The Hut Group has won €1bn in new financing that will transform its balance sheet and super-charge its growth aspirations.

The online retailer has secured a new €600m capital market term-loan, a five-year £150m revolving credit facility and a £200m package provided to a new THG subsidiary, which includes its property portfolio.

Belgian investor Sofina and asset manager BlackRock, which has been a long-term investor in THG, will inject £66m in new equity between them as part of the deal, Sky News reported.

The funds come as THG continues to plough cash into its growth plans. In the last year, it has invested in its Manchester base and spent £100m on a new manufacturing hub in Poland.

THG has also revealed ambitions to increase its workforce to 10,000 within the next three years.
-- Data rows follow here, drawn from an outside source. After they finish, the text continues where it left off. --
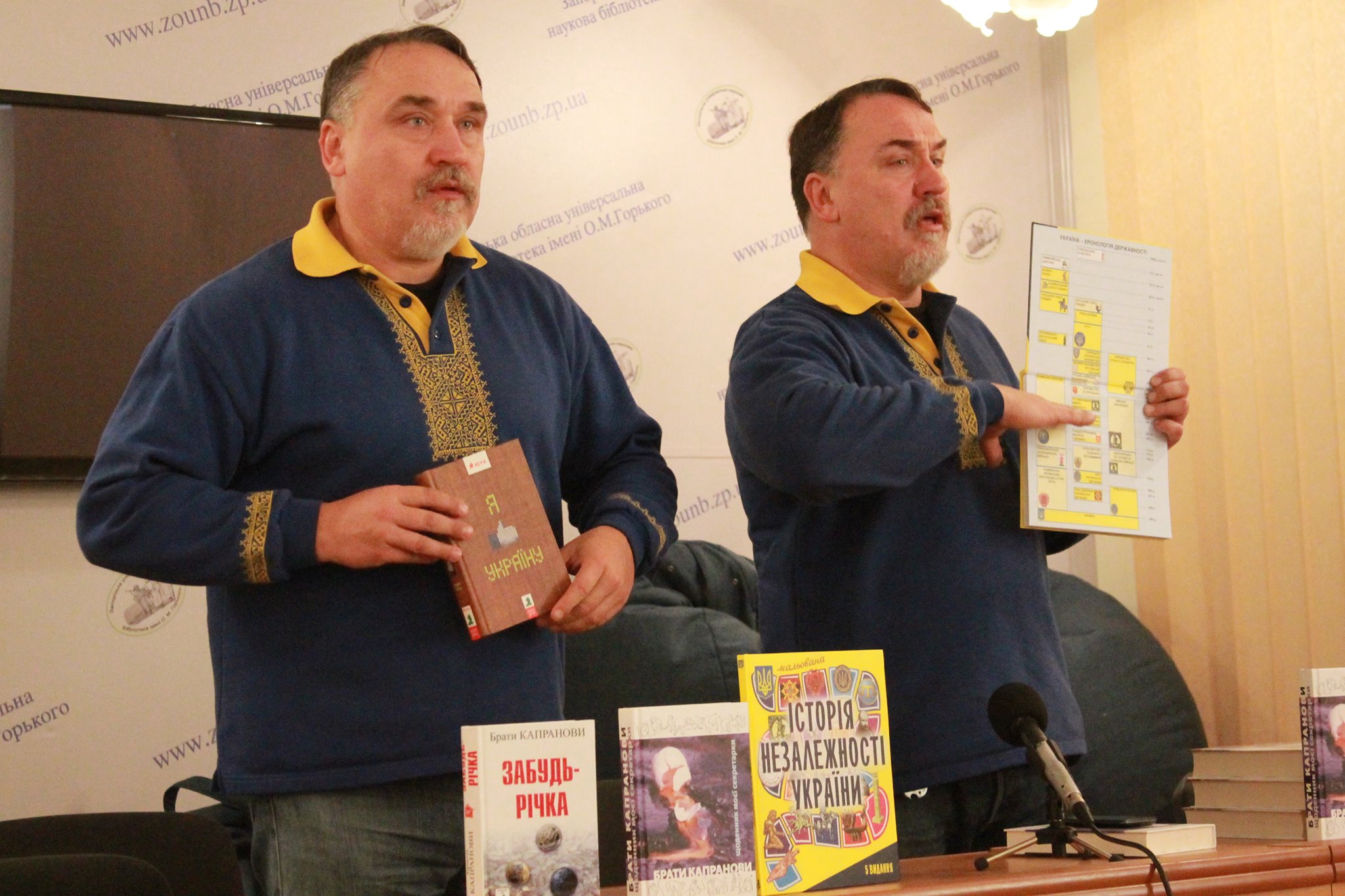 Сегодня, 19 октября, в Запорожской областной библиотеке писатели братья Капрановы презентовали новый роман «Забудь – річка», а заодно представили публике ранее изданные книги.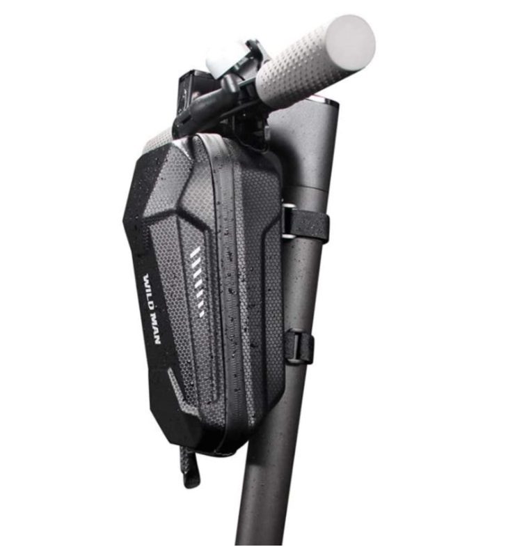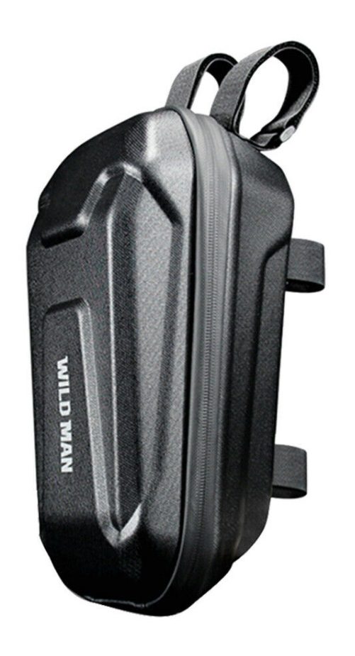 Ohjauslaukku sähköskootterille (myös etupyörälaukku), vedenpitävä / sateenpitävä , musta väri, Wild Man -merkki, tilavuus 3 litraa. Sähköskootterin ohjaustankolaukku kiinnittyy skootterin ohjaustangon ja ohjausputken (ohjausputken) ympärille säädettävillä klipseillä (hihnoilla), ja se sopii kaikkiin sähköskoottereihin. Wild Man -sähköskootterilaukkujaon saatavana myös hieman pienempinä 2 litran tilavuudella.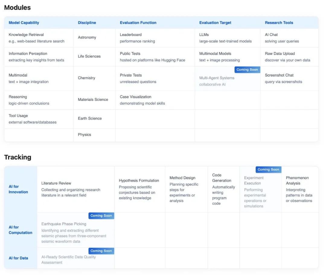 除发布了 SFE 评测基准之外,研究团队还构建了「棱镜」(SciPrismaX) 科学评测平台。平台包含了模型能力、学科多样性、评估策略、评估对象与评估工具五大模块,覆盖了 AI for Innovation、AI for computation 和 AI for Data 三层评估维度,致力于构建更严谨、动态且与科研实践深度契合的评估生态。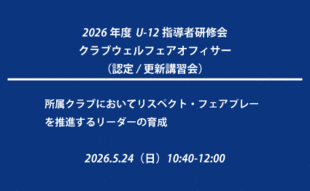 【募集】5/24_U-12 指導者研修会(クラブウェルフェアオフィサー認定/更新講習会)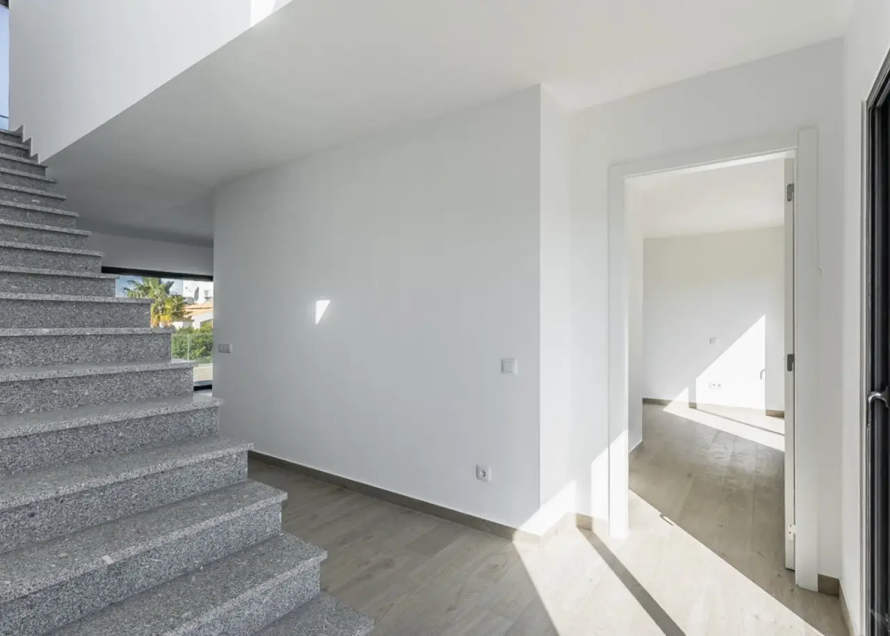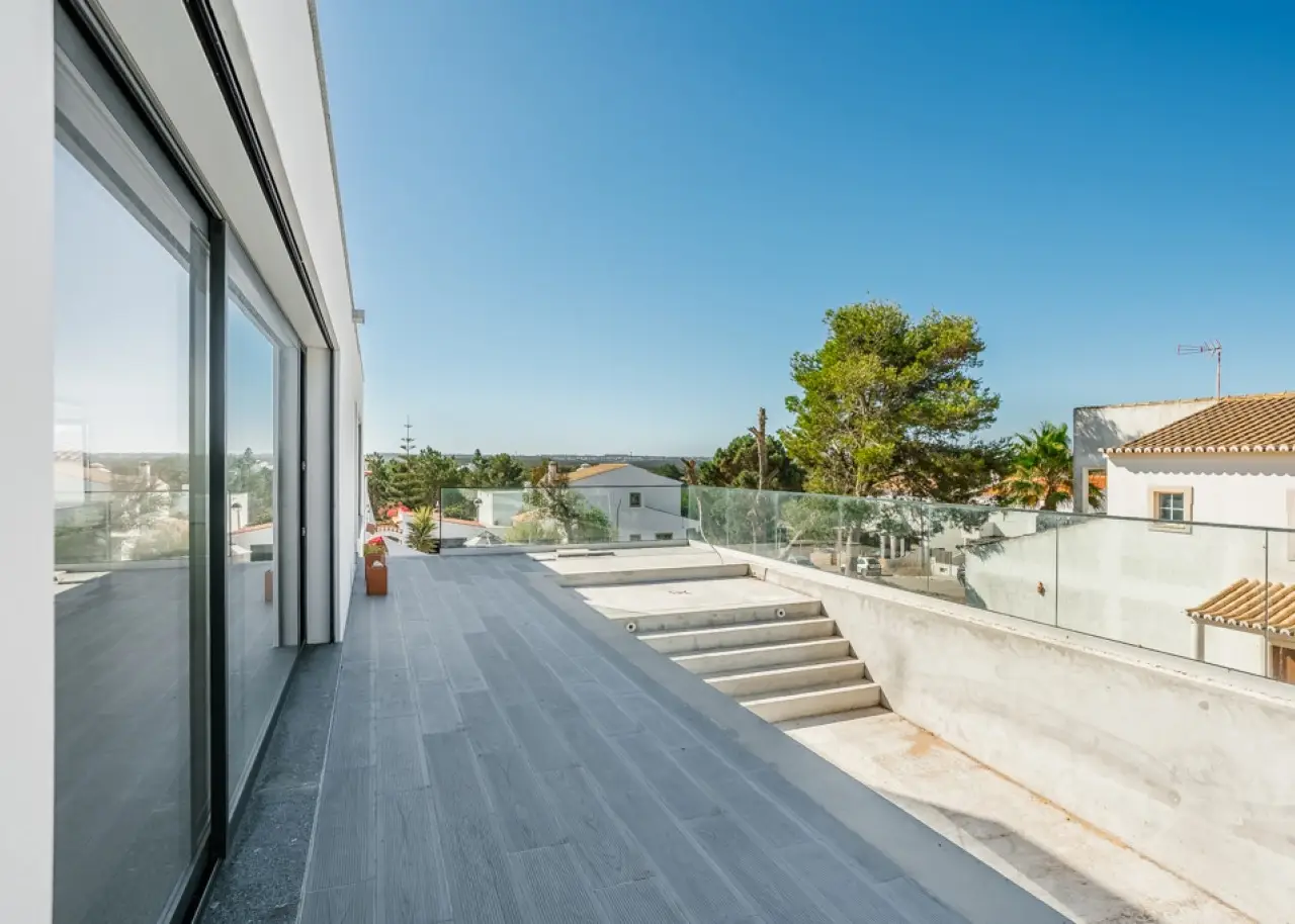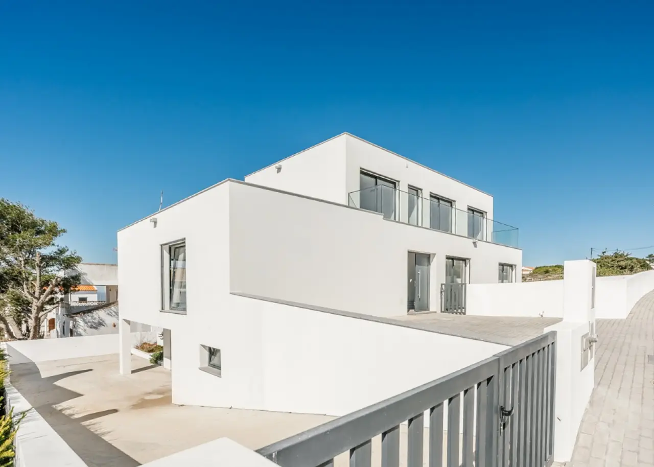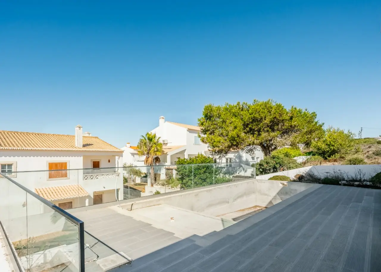 Modern 4-bedroom villa for sale in Aljezur, about 5 minutes from Monte Clérigo beach in the Algarve. Recently built with attention to detail, the villa has three floors, including a garage in the basement. On the main floor is the living area, with the kitchen equipped with modern, efficient appliances and an island, with plenty of space for storage and preparing meals. It's an open and spacious space, in harmony with the living room, with large windows, making the space full of natural light and welcoming. From the large living room there is access through the large windows to the outside, namely to the terrace and swimming pool. Also on this floor is a bathroom and a spacious bedroom with an en-suite bathroom, with direct access to the garden. On the upper floor are the remaining three good-sized bedrooms, all with en-suite bathrooms and a fantastic balcony. The villa is equipped with air conditioning in every room, and the windows have electric shutters. The large basement can be used as a garage for up to 6 cars, or part of the space can be used as a games room, cinema or gym. With a privileged location, in a protected area of the Costa Vicentina Natural Park, next to Monte Clérigo beach and close to Arrifana beach, it is around 80 minutes from Faro International Airport. For lovers of nature and water sports, Aljezur is an excellent area for hiking, mountain biking and surfing. CHARACTERISTICS: Plot Area: 465 m2 | 5 005 sq ft Area: 233 m2 | 2 503 sq ft Deployment Area: 150 m2 | 1 615 sq ft Bedrooms: 4 Bathrooms: 5 Garage: 2 Energy efficiency: A+ FEATURES: 4 bedrooms Equipped kitchen Garden Swimming pool Garage Balconies / Terrace

It currently employs the majority of its 7,000 staff in Manchester.

The business was founded by Matt Moulding in 2004 and owns dozens of health and wellness brands including subscription service Glossybox, French haircare brand Christophe Robin, health food specialist Myprotein and Australian beauty retailer SkinStore.

The etail group posted a 31% boost in EBITDA to £91m in the year to December 31, 2018, driven by a 24% surge in group sales to £916m.

THG’s international sales accounted or two-thirds of group revenue during that period, while 59% of its total sales came from in-house brands.